▶ INSTRUCTIONS TO FOLLOW
With pictures left out, only the lines from the one containing "Prairie Schooner, 72" through the end of the records should be reproduced exactly, please.

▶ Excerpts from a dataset

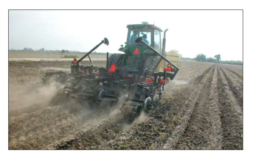
Figure 1. Strip-tilling into barley cover crop before cotton planting, Riverdale, California, 2001.
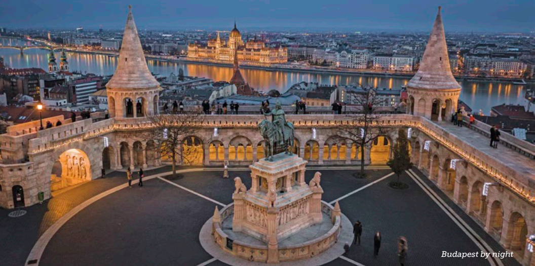
Budapest by night
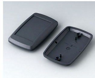
B9006808 Bottom and top part EL ABS (UL 94 HB) lava 78x48x20mm
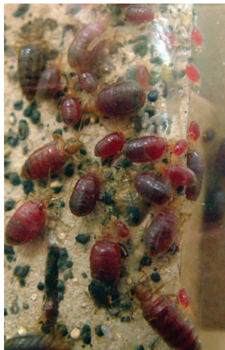
Fed bed bugs

The lifecycle data presented in this publication is based on research conducted using bed bugs collected from apartments within the state of Virginia. These populations have documented resistance to pyrethroid insecticides. Laboratory studies have indicated that resistant bed bugs have a shorter developmental time (several days), shorter life spans and lower levels of egg production than bed bugs that are not resistant to insecticides. At the time of this writing, practically all "natural" bed bug populations collected in Virginia have been found to be at least somewhat resistant to pyrethroid insecticides.
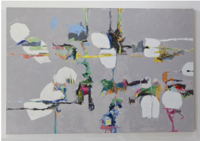
Prairie Schooner, 72 x 48", oil on canvas
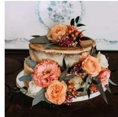
Cake Topper and Two Additional Clusters
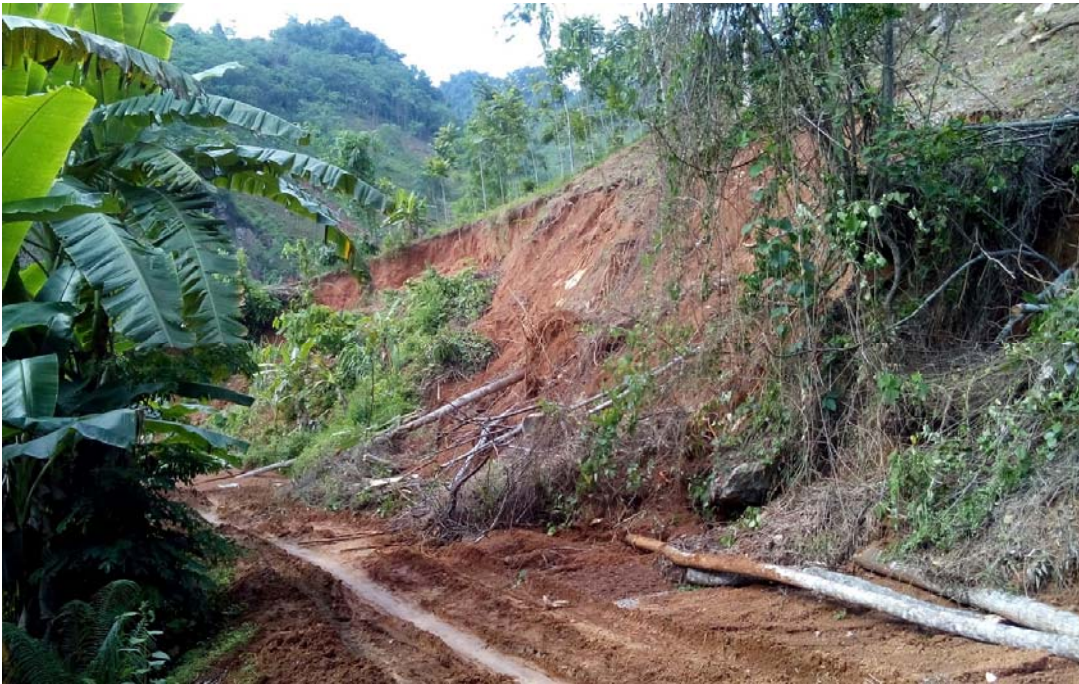
in Tuyen Quang Province in Vietnam

▶ REPLY TO THE EXERCISE
Prairie Schooner, 72 x 48", oil on canvas
Cake Topper and Two Additional Clusters
in Tuyen Quang Province in Vietnam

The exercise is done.